◆ **Exercise directions**
Starting with the line that has "Inmigrantes sostienen su" in the records below and stopping after the line that has "Intemporelle et élégante, cette", output every line exactly and nothing else; skip pictures.

◆ **Supplied entries**
————————

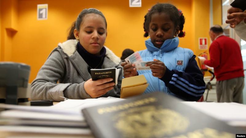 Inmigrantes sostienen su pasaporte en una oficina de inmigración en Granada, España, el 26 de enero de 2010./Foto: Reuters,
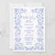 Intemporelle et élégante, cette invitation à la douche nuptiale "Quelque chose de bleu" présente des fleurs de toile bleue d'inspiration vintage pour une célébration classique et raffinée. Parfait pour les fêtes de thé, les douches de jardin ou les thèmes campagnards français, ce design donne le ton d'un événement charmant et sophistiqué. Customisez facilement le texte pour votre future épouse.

————————

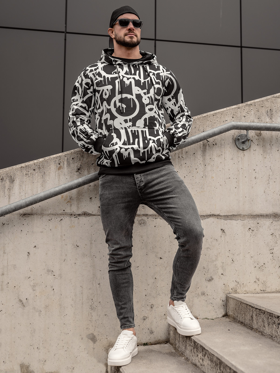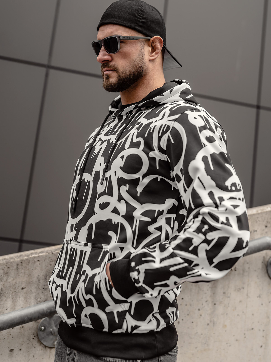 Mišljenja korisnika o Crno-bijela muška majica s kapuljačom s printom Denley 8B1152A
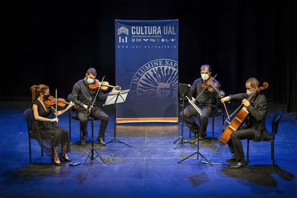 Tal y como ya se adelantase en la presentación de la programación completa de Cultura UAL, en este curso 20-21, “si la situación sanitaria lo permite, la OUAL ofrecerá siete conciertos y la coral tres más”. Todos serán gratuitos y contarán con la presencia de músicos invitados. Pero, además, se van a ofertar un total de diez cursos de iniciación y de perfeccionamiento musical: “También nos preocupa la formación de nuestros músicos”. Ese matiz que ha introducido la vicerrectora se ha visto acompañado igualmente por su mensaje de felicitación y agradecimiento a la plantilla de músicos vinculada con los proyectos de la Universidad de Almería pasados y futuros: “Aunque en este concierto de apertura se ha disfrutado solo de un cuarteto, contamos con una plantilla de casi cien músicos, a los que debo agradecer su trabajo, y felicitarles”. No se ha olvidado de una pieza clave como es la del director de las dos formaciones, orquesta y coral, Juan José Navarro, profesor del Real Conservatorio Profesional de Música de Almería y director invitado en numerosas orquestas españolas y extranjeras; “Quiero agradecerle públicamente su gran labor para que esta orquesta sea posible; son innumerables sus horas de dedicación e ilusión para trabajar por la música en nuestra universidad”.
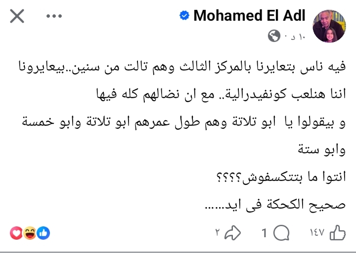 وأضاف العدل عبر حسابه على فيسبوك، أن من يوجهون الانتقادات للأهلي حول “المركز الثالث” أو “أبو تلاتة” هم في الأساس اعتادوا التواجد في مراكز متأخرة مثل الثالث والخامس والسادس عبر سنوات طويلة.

————————

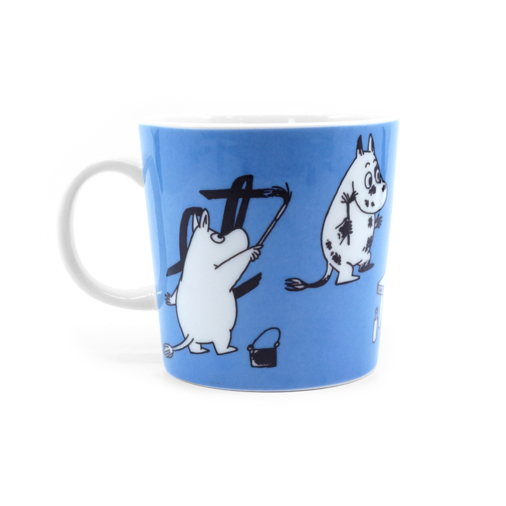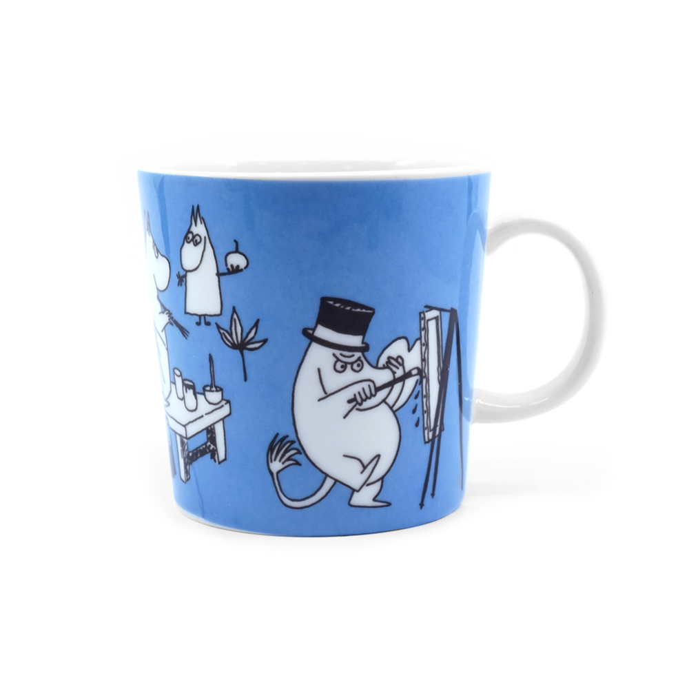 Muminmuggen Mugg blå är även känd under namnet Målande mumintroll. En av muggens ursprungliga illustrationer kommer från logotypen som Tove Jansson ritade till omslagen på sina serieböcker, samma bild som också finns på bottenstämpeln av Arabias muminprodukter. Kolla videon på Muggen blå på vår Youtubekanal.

————————

◆ **Exercise answer**
 Inmigrantes sostienen su pasaporte en una oficina de inmigración en Granada, España, el 26 de enero de 2010./Foto: Reuters,
 Intemporelle et élégante, cette invitation à la douche nuptiale "Quelque chose de bleu" présente des fleurs de toile bleue d'inspiration vintage pour une célébration classique et raffinée. Parfait pour les fêtes de thé, les douches de jardin ou les thèmes campagnards français, ce design donne le ton d'un événement charmant et sophistiqué. Customisez facilement le texte pour votre future épouse.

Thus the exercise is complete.